Беспросветный мрак, дикость, фанатизм, нищета, жестокость, разорение, налеты чумы, казни и прочие ужасы, представленные в «медиевистических» картинах Бергмана и Куросавы (у каждого по-своему, разумеется; об изображении условного, собирательного «темного» скандинавского Средневековья в «Седьмой печати» Бергмана см.: Lindley 1998; Aberth 2003, 215–243; Haydock 2008, 41–46, 52–53; Синицын, Синицына 2016, 125–128, 130–131 — с библиографией). Но аисторизм этих фильмов не подвигает историков, искусствоведов или кинокритиков к осуждению шведского и японского режиссеров за их ложно-этнический «стиль», будто их цель заключалась в том, чтобы очернить родную культуру, высмеять и унизить свою историю. Такие упреки представляются нелепыми.

И наконец, по поводу эпилога «Рублева», где дождем «бессловесные кони залиты, и те рублёвские фрески смыты», так что «ничего не осталось», чем завершает (с многоточием) Солженицын свою статью. эти последние кадры кинофильма представляют гармонию красоты природы и искусства — мира, созданного Творцом, и продуктов художественного творчества человека. Об этом символе гармонии, единства, символе обретенного «земного рая» (и очистительный дождь здесь как символ духовного исцеления), приведу замечание C. Сальвестрони: «В финале фильма, когда в кадре остается последняя икона — “Спас”, музыка, сопровождавшая образы, постепенно уступает место дождю, скользящему по сырому дереву с правой стороны иконы  и мочащему  в последнем кадре нескольких лошадей в пустынном месте необыкновенной красоты» (Сальвестрони 2009, 38).

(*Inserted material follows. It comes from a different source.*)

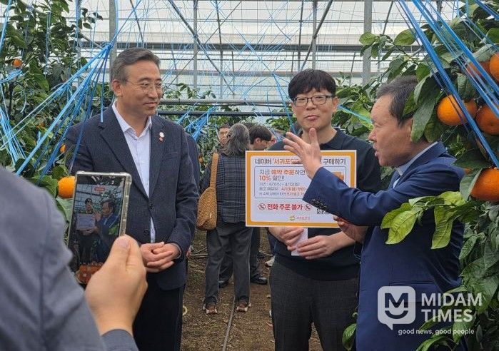 미담타임스 정인화 기자 | 서귀포시는 4월 1일, 감귤박물관과 카라향 하우스 일원에서 4월 출하를 앞둔 서귀포산 카라향 홍보를 위해 황창연 신부 영상 촬영에 오순문 서귀포시장이 동반 출연해 카라향 등 만감류 소비 촉진을 호소했다.

Еще одно замечание в целом о символизме в искусстве. По большому счету,  и вся иконописная традиция сплошь символична; равно как  и творчество русского мастера Андрея Рублева. Тонкие посохи в руках трех ангелов «Троицы» — «символы странничества» (Лихачев 2014, 6), и сама эта рублевская икона является символом духовного единства мира, символом возрождения Руси в единстве — духовном, политическом, культурном.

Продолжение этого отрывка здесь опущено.